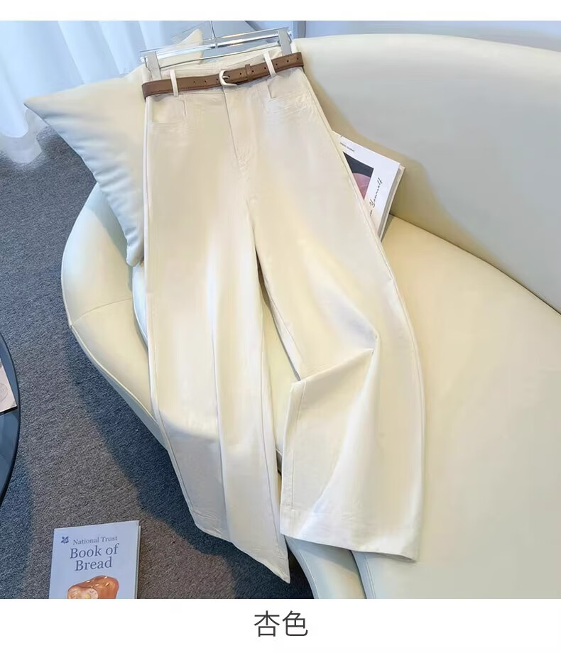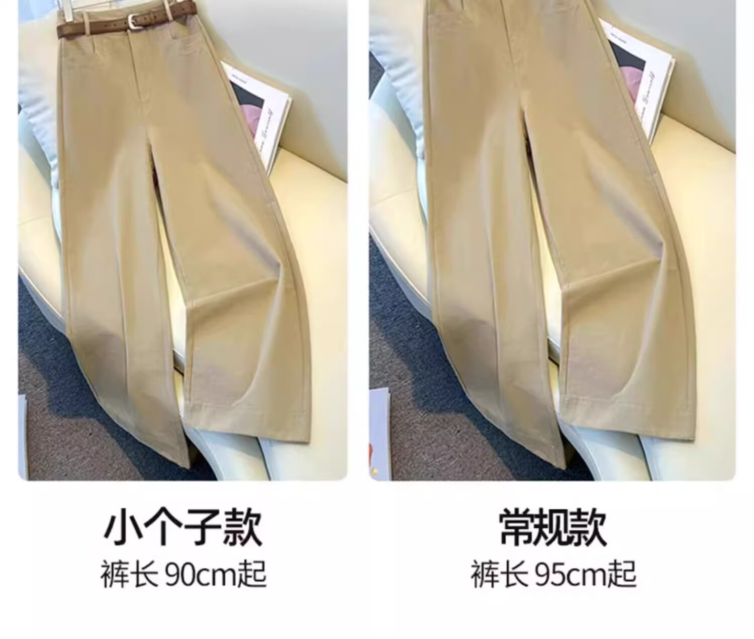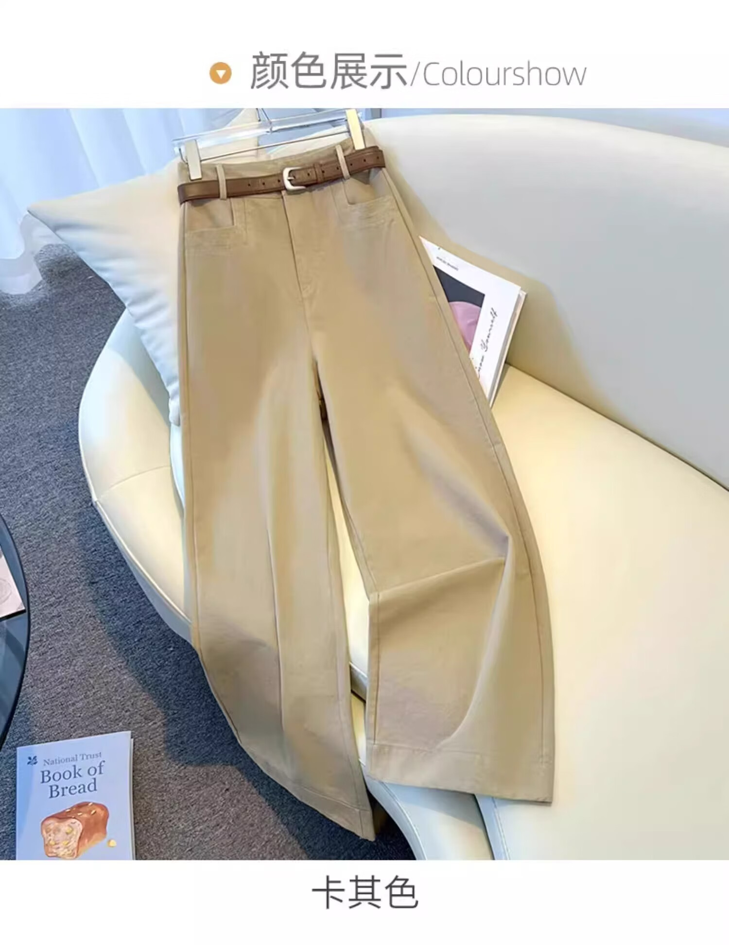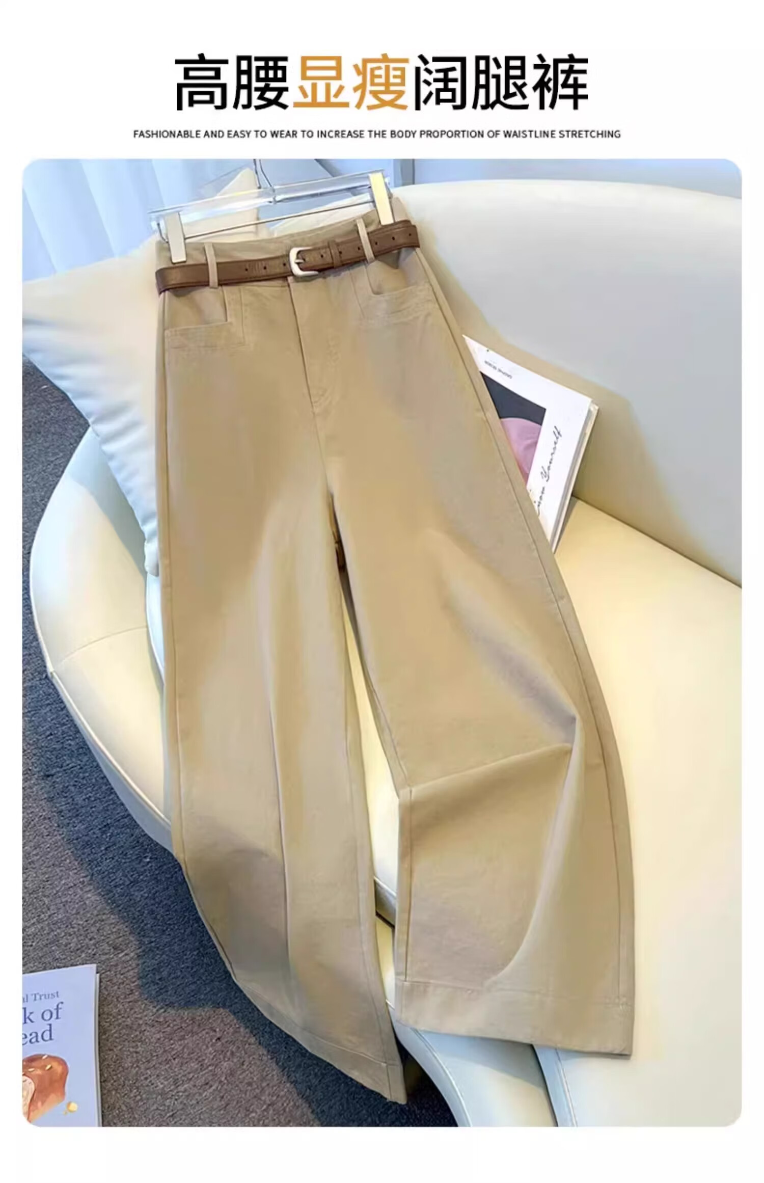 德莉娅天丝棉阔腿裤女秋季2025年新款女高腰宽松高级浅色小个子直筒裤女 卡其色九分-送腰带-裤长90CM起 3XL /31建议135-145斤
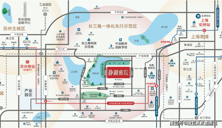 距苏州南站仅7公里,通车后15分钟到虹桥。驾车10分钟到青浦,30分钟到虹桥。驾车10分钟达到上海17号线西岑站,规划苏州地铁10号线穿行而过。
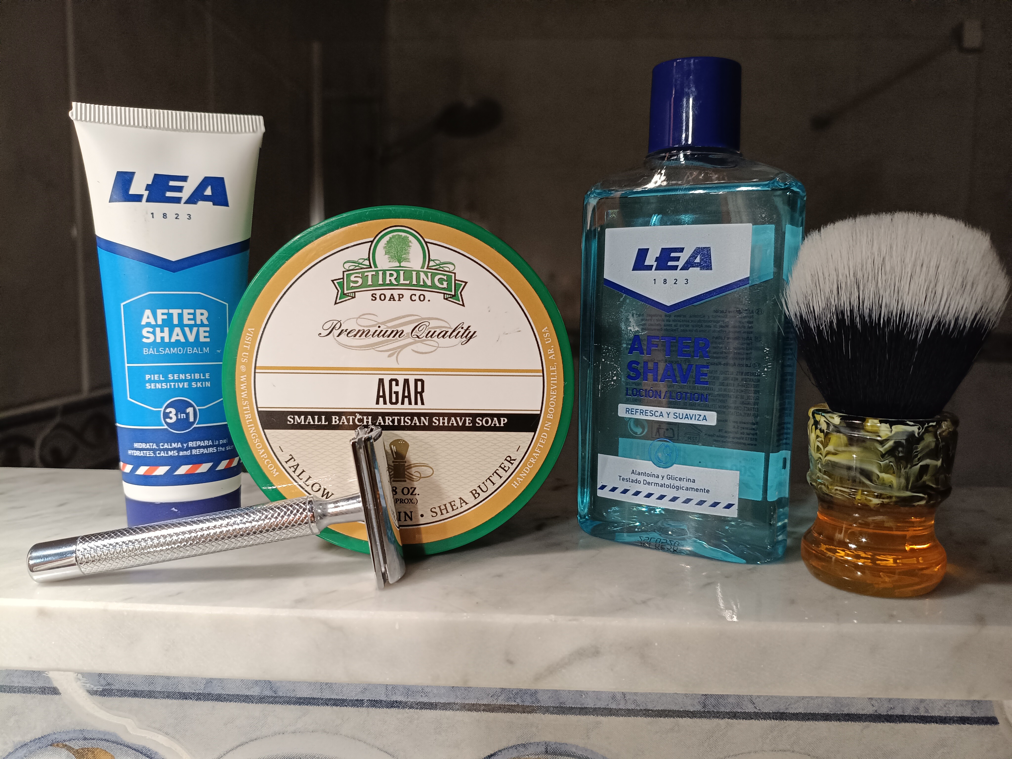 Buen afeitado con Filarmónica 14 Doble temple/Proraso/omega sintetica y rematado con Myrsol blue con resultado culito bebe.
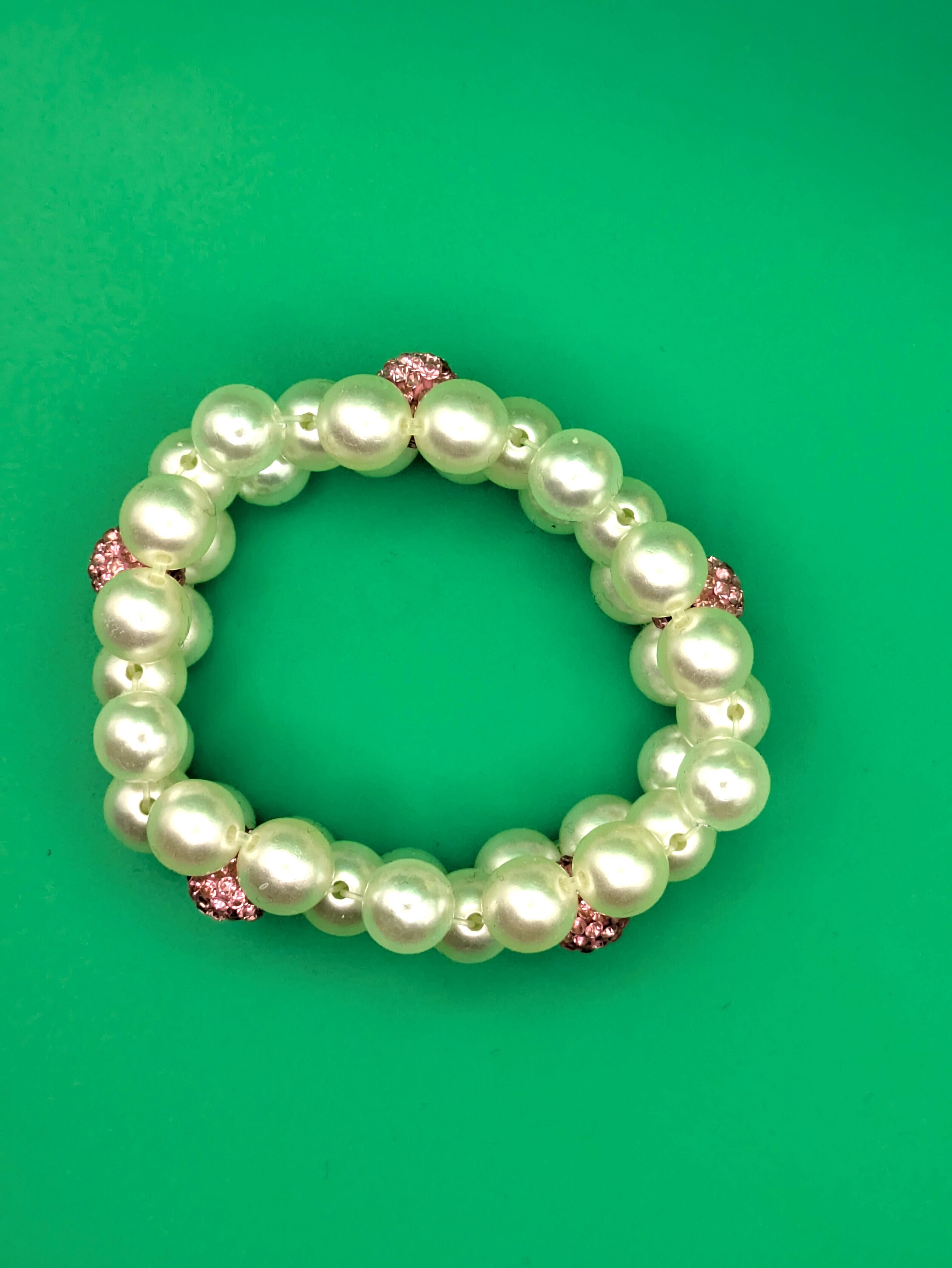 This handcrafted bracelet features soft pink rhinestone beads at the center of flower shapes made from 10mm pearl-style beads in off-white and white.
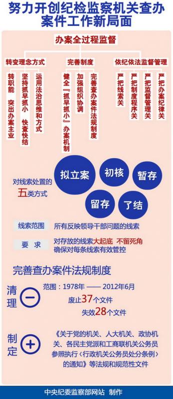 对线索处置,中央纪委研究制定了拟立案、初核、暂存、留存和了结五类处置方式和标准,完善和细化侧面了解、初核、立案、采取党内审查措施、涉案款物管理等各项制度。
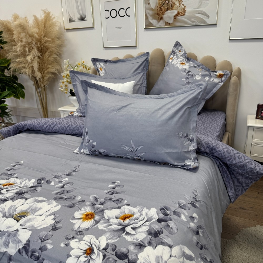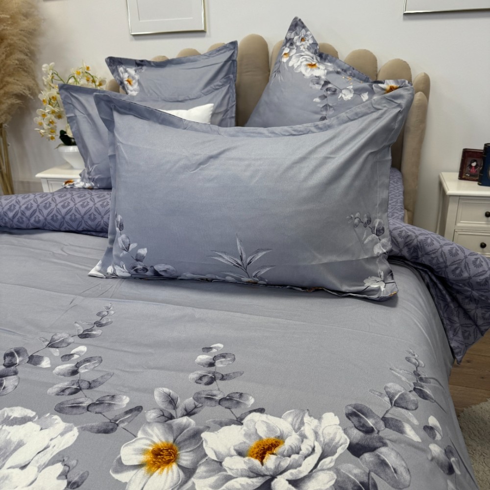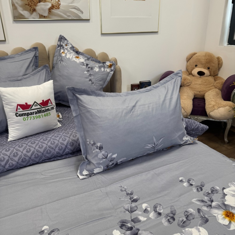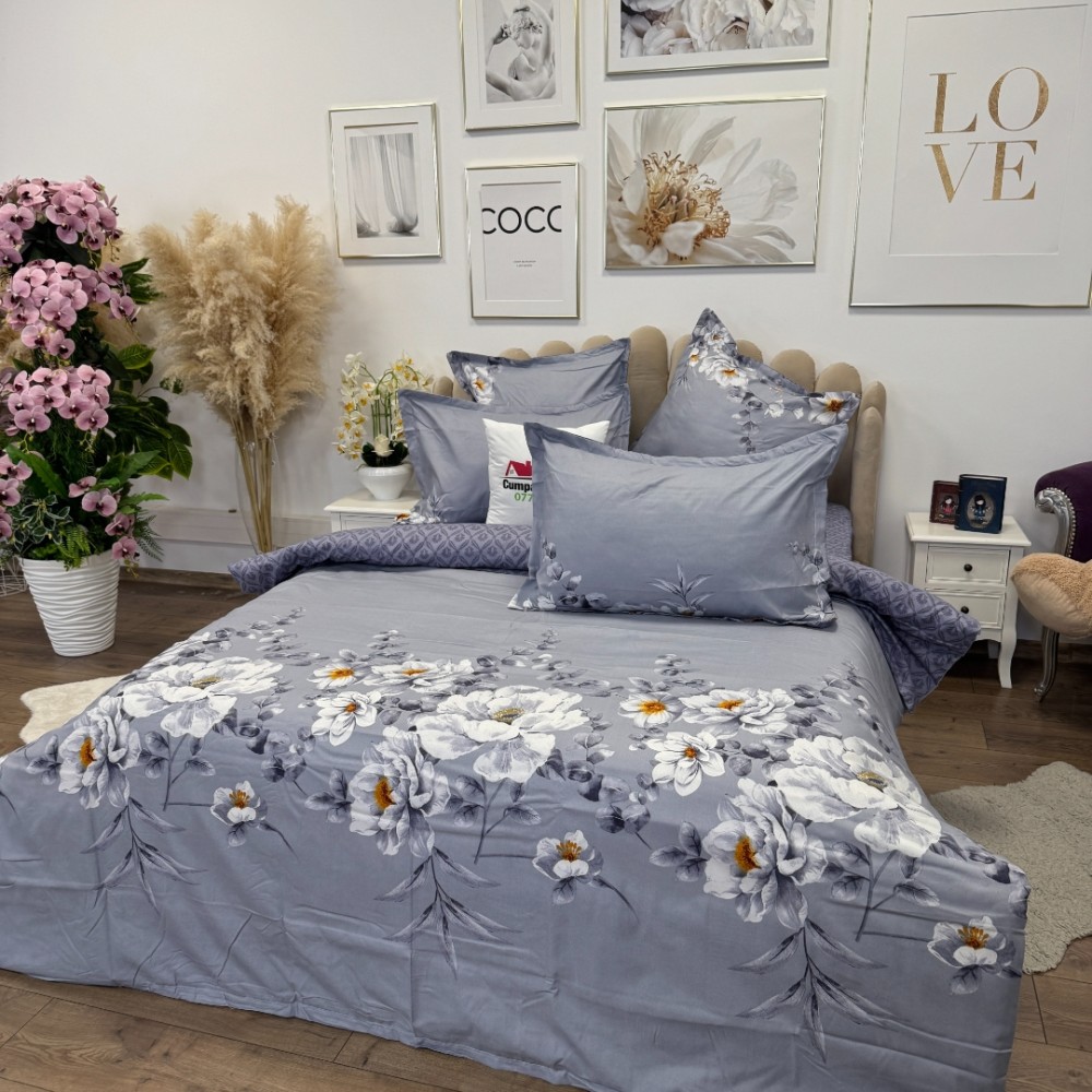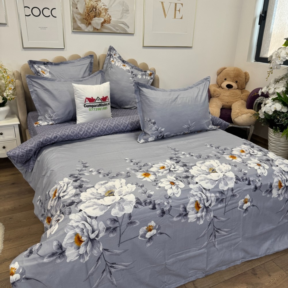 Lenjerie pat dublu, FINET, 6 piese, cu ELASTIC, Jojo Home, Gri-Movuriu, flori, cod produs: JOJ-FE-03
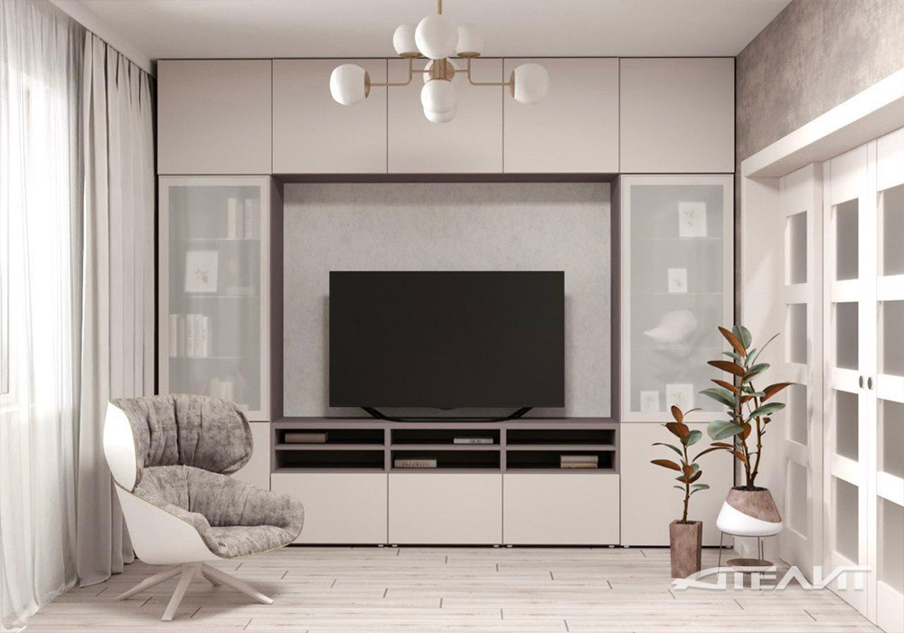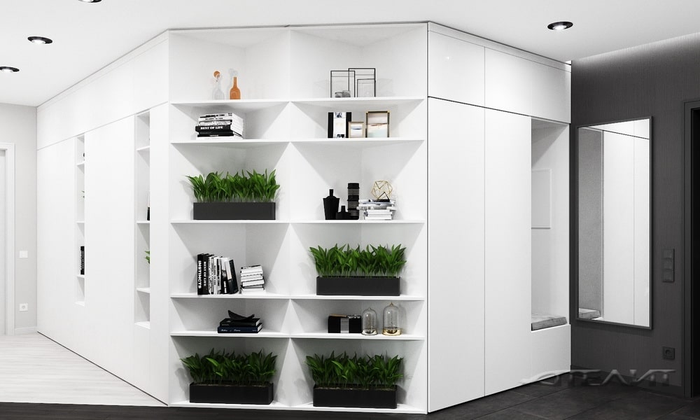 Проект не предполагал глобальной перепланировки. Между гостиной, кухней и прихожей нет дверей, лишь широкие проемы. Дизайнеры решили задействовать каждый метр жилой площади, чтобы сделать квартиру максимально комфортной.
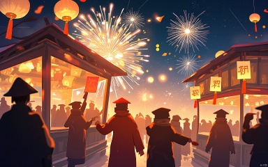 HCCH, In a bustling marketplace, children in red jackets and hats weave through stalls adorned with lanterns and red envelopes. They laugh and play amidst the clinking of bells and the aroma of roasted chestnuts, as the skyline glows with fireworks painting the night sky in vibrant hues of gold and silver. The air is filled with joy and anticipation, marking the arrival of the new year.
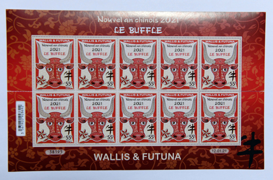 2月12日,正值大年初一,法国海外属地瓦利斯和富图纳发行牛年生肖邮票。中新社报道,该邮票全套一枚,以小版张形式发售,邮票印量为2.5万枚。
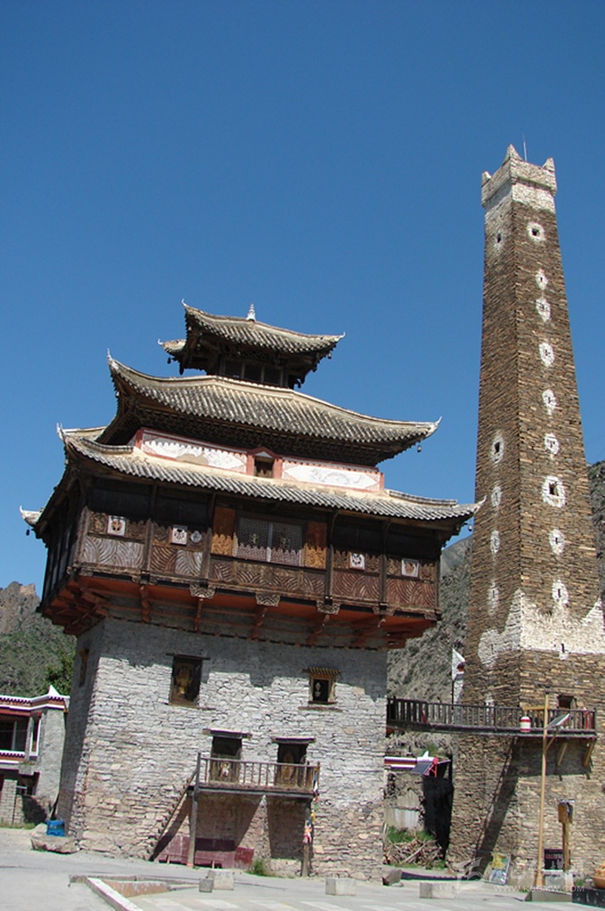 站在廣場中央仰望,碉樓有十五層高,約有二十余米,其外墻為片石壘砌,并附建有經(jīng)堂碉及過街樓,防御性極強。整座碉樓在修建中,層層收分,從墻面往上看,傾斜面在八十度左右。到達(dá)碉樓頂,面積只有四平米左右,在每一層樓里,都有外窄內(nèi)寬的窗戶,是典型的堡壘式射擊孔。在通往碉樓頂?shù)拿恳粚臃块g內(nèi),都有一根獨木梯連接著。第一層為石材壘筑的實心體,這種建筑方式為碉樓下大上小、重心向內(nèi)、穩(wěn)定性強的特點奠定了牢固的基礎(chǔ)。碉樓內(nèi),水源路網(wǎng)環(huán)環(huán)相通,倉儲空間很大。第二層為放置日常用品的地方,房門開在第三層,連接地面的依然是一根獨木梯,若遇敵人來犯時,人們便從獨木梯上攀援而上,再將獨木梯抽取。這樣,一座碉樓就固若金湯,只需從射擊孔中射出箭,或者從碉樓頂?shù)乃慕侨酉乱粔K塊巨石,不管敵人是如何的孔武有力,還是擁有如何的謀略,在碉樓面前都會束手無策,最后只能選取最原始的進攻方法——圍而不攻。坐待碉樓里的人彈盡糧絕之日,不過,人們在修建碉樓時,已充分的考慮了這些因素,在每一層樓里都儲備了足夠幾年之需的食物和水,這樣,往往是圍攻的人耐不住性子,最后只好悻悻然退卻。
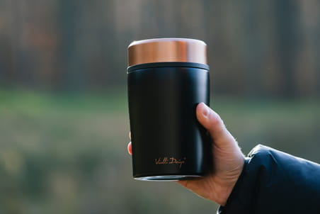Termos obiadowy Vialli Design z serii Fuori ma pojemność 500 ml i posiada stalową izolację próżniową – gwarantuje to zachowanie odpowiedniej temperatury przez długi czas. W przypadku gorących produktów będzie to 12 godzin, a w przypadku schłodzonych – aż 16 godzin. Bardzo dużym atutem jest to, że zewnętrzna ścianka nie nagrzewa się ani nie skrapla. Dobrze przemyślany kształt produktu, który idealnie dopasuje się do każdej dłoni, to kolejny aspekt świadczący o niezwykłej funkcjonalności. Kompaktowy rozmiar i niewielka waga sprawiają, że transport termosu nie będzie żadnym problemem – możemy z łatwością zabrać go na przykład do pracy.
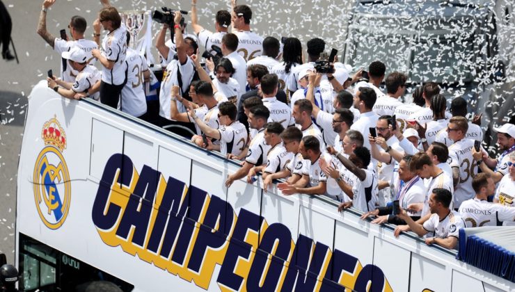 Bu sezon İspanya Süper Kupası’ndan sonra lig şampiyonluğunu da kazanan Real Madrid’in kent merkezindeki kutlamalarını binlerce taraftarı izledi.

────────────────────────────────────────

Skip the pictures and restate exactly the lines from the beginning of the listing to the line with "距苏州南站仅7公里,通车后1", that line included.

 德莉娅天丝棉阔腿裤女秋季2025年新款女高腰宽松高级浅色小个子直筒裤女 卡其色九分-送腰带-裤长90CM起 3XL /31建议135-145斤
 距苏州南站仅7公里,通车后15分钟到虹桥。驾车10分钟到青浦,30分钟到虹桥。驾车10分钟达到上海17号线西岑站,规划苏州地铁10号线穿行而过。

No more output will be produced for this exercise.